リストと若干異なるのはセットの結合です。 先程説明したようにセットは重複した要素を持たないため、 結合される2つのセットが同じものを持っていれば1つだけになります。 プラス記号を使った結合はできません。

a = {1,2,3}
a.union({3,4,5})
print(a)
# {1, 2, 3, 4, 5}

print(a + {5,6,7})
# Traceback (most recent call last):
# ...
# TypeError: unsupported operand type(s) for +: 'set' and 'set'

ハッシュの仕組み

セットで使われている重要なコンピュータ技術に、ハッシュ(Hash)と呼ばれているものがあります。 集合はハッシュを使わずにでも実現できるでしょうが、 PythonのセットはJavaでいうところのHashSetに近いです。 このハッシュの概念図を以下に示します。

image

ハッシュは「ハッシュ関数」と呼ばれるものに特定の値(キー)を与えて「ハッシュ値」を得ることで実現されています。 ハッシュ値はある範囲のなかの数値(一般的には0からN)のどれかとなり、 同じキーから生成されるハッシュ値は常に同じです。

上記の図でいうと、キーとして「John Smith」をハッシュ関数にかけるとハッシュ値「02」が得られています。 同様に「Lisa Smith」をハッシュ関数にかけると「01」となります。 そしてハッシュ値の範囲は00から15です。 この性質を考慮したうえで「ある集合に要素Xはあるか」ということをどのようにして実現するか想像してください。

ハッシュを使う場合、たとえば「John Smith」を集合に加える際には、 ハッシュ値「02」の場所に「John Smith」を格納します。 そして「John Smith」が存在するかどうかのチェックはハッシュ値「02」の場所に「John Smith」がいるかどうか確認すればいいのです。 一方、リストの探索であれば「先頭から末尾まで順に「John Smith」かどうかを確認していく」ことが必要です。 リストのサイズが大きければこの探索コストは非常に大きくなります。 「要素」の探索という面においてハッシュはリストに比べるとであるのに比べると随分スマートだと思いませんか。 実際、ハッシュを使った要素の探索は非常に高速です。
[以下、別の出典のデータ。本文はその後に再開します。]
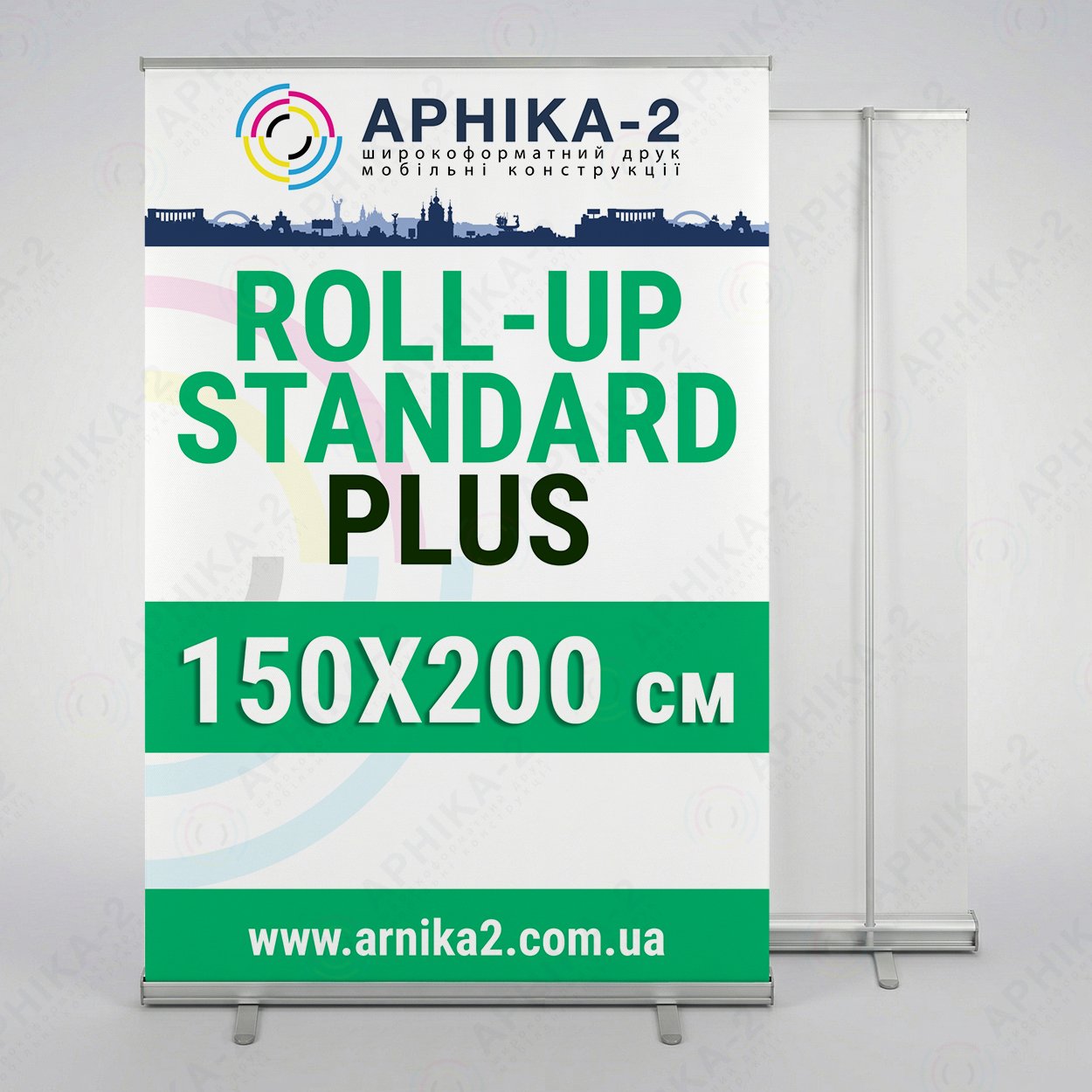 Розмір конструкції рол-ап стандарт плюс 150х200 у встановленому вигляді – 150х200 см.

ただ、ハッシュも使い方を間違えると効率が悪くなります。もう一度図を見てください。 よく見ると「John Smith」と「Sandra Dee」は同じハッシュ値に割り当てられています。 これはいわゆる「ハッシュの衝突」と呼ばれており、これが多発すると探索のスピードが遅くなります。 なぜなら「Sandra Dee」の有無の確認をする際に「01」を見にいって、 そこに「John Smith」やほかの要素がたくさん入っていると、 「01」のなかで「リストの探索」のようにして全部をチェックしていかないといけないからです。

この問題を防ぐためにハッシュ値の範囲は十分な広さを持たせる必要があります。 たとえば今回のように00から15などという範囲は狭すぎるので、これをもっと広げます。 そうすると確率的には衝突は発生しにくくなります。 ただ、通常はこんなことを気にしなくてもPythonがよしなに処理してくれるので大丈夫です。